Evelyn Brandt, Vorsitzende des Vereins literaturhaus schanett, weiß, was sie an ihm hat: „Wir verdanken Leonhard Paulmichl viel, sehr viel. Seit sieben Jahren berät, unterstützt und fördert er unseren Literaturverein. Alles ehrenamtlich. Schön ist es, dass unsere Mitglieder, BesucherInnen und mich unvergessliche Stunden mit Leonhard Paulmichl verbinden: die Lesung mit Paul Flora, Literaturreisen nach Italien, dutzende Literaturstunden, Gespräche, Diskussionen. So möchte es bitte noch lange bleiben."

In welcher Form arbeiten Sie momentan beim Verein literaturhaus schanett mit?
Ich habe über einzelne Persönlichkeiten der Literatur referiert: Karl Kraus, Ernst Stadler, Rilke, P. A. Bachmann – kurz: von Walther von der Vogelweide bis heute. Als Reisebegleiter habe ich dieser Gruppe das Piemont, das Trentino und Friaul literarisch und kulturpolitisch versucht zu erklären.

Wie kam es zu diesem Engagement?
Zur Gruppe kam ich eher durch Zufall, aber ganz sicher durch Frau Mag. Brandt. Ich habe dort kein Engagement, bin dort freier Seiltänzer.

Was genau macht den Reiz dieser Arbeit für Sie aus?
Den Reiz dieser Arbeit macht aus, dass diese Gruppe Menschen nichts muss , sondern nur will. Sie sind daher äußerst interessiert und ohne Ehrgeiz aufgeschlossen. Für einige wenige und speziell eine Person ist das Ganze mit viel Arbeit und wenig Lohn – und schon gar keinem finanziellen – verbunden.

Großes Interesse


Sie sprechen besonders die „Generation 55plus" an. Welche Rückmeldungen bekommen Sie von den Besuchern Ihrer Veranstaltungen?
Die Rückmeldungen schauen so aus, dass die Besucher mich nach jeder Vor-Lesung bitten weiterzumachen.

Hat die ältere Generation Ihrer Erfahrung nach eine größere Affinität zur Literatur als die jüngere?
Die ältere Generation (ich gehöre schon längst dazu), liebt, wie könnte es anders sein, bereits Bekanntes, Bewährtes, um es zu vertiefen.
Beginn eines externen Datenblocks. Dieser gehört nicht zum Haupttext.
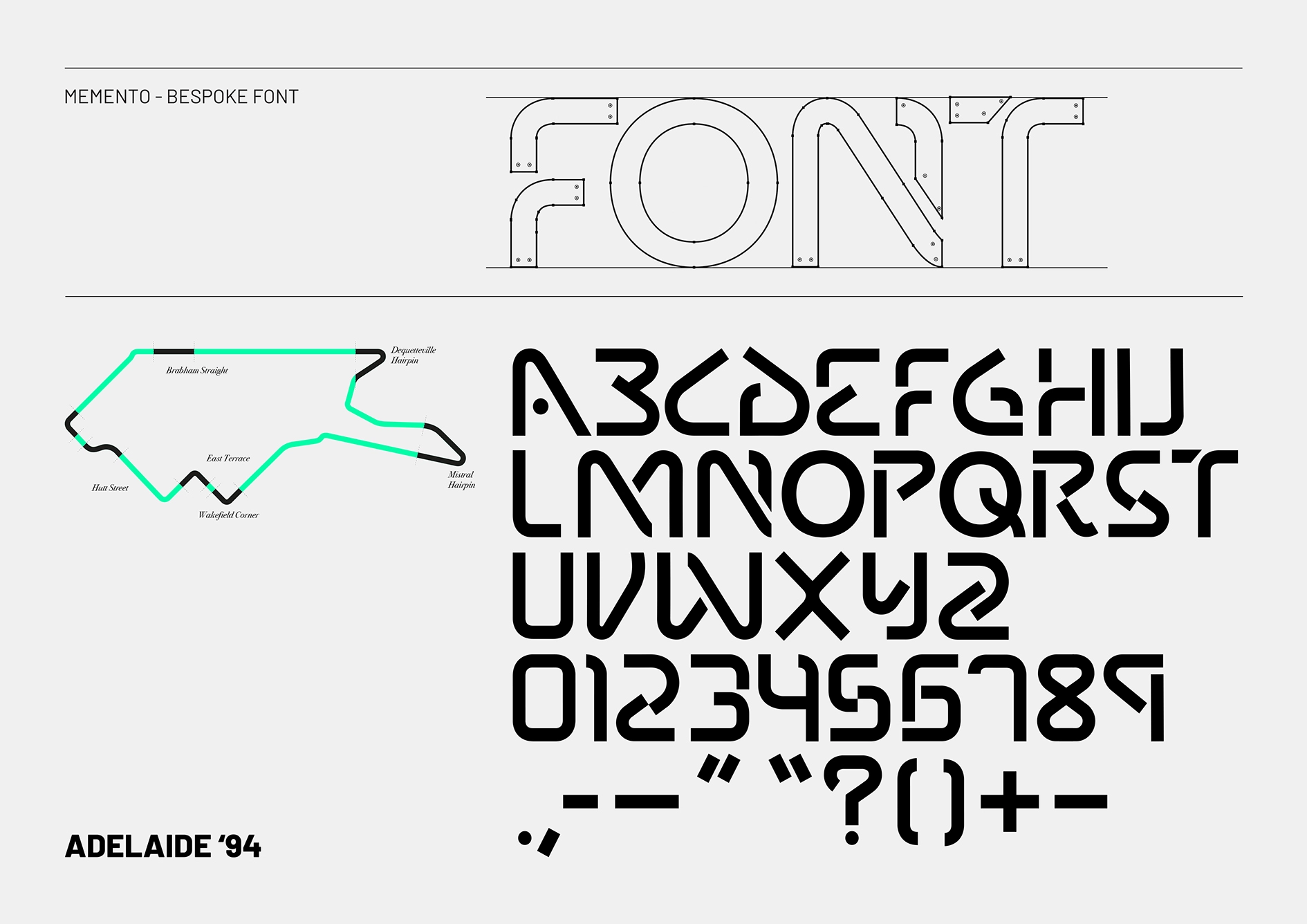 采用了标志性的赛道及其著名的弯道和直道,为Memento创造了一个定制的字母组合和字体,它提供了一种运动和动作感,而不是将自己与F1单独联系在一起,而是具有运动本身提供的精度和工艺水平。字体中的每个字母和字符都从阿德莱德轨道上剪下来,重新用作反映品牌所做的事情的字体结构,精确定位和重新定位以制作品牌的每个元素。
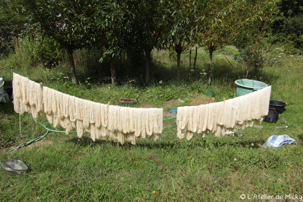 Travailler avec ce lin à dentelle très fin n’est pas simple et demande pas mal de manipulations et d’étapes avant d’aboutir à ces jolies échevettes! Presque aussi délicat que la soie filament.
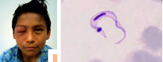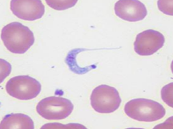 Un paciente de 45 años, originario de México, se presentó con fiebre y escalofríos aproximadamente un mes después de haber recibido un trasplante de corazón. Se realizó una biopsia cardíaca y se recolectaron muestras de sangre. El patólogo tratante observó objetos de interés en un frotis periférico teñido con Wright. Se encontró lo siguiente.
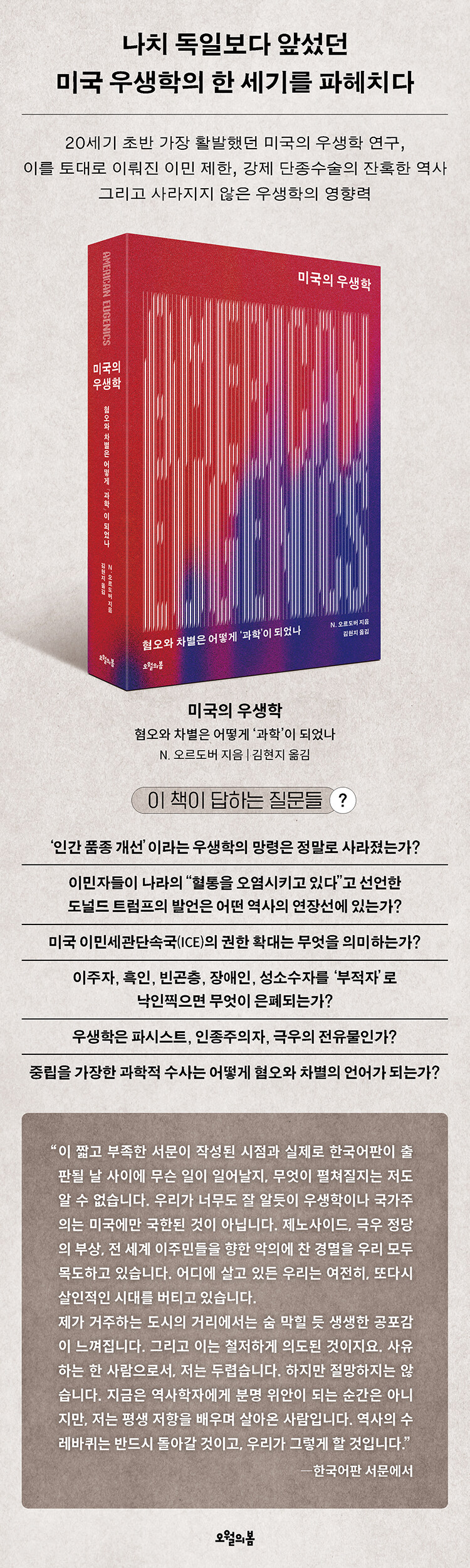 ÀúÀÚ N. ¿À¸£µµ¹ö´Â ¿ì»ýÇÐÀ» ´ÜÁö °ú°ÅÀÇ ±Ø´ÜÀû »ç»óÀ̳ª ½ÇÆÐÇÑ °úÇÐÀ¸·Î ºÀÀÎÇÏÁö ¾Ê´Â´Ù. ±×´Â ¿ì»ýÇÐÀÌ °úÇÐÀû Á߸³¼º°ú ÇÕ¸®¼ºÀÇ ¾ð¾î¸¦ ÅëÇØ ¾î¶»°Ô Çø¿À¿Í Â÷º°À» ±¹°¡ Á¤Ã¥À¸·Î¼ Á¤´çÈÇØ¿Ô´ÂÁö¸¦ ¹¯´Â´Ù. ³ª¾Æ°¡ ÀÌ ¹®Á¦°¡ ¿ì»ýÇÐÀÌ °¡Àå Ȱ¹ßÇß´ø 20¼¼±â ÃÊ ¹Ì±¹¿¡ ±¹ÇѵÇÁö ¾ÊÀ¸¸ç ÇöÀç¿¡µµ ¿©ÀüÈ÷ À¯È¿ÇÏ´Ù°í ÁÖÀåÇÑ´Ù. ÀÌ Ã¥ÀÇ ÀÇÀÇ´Â ¿ª»ç ¼ÓÀ¸·Î »ç¶óÁø, °úÇÐÀ¸·Î¼ÀÇ ¿ì»ýÇÐÀ» Á¶¸íÇÏ´Â °Ô ¾Æ´Ï¶ó ÇüŸ¦ ¹Ù²Ù¾î ¹Ýº¹ÀûÀ¸·Î È£ÃâµÇ¾î¿Â ¿ì»ýÇÐÀÇ ²öÁú±ä »ý¸í·ÂÀ» º¸¿©ÁÖ´Â µ¥ ÀÖ´Ù.

Dem Neuen ist man aufgeschlossen. Es geht halt nichts über die Qualität alter Wollsocken.

Der Philosoph schweigt


Bringen Sie sich noch bei weiteren Kulturveranstaltern ein?
Ich bin seit der Gründung des PEN Liechtenstein dort Mitglied.

Und ganz allgemein: Was bedeutet Kultur für Sie?
Über diesen Begriff haben schon weitaus Klügere, als ich einer bin, wenig Befriedigendes gesagt. Daher halte ich es mit dem lateinischen Satz: Si tacuisses, philosophus mansisses („Wenn du geschwiegen hättest, wärest du ein Philosoph geblieben“, Anmerkung der Redaktion).

Am Donnerstag, 4. April um 20 Uhr im Schlösslesaal Röthis führt Dr. Leonhard Paulmichl durch die Lesung mit dem Schweizer Schriftsteller und Kabarettisten Franz Hohler.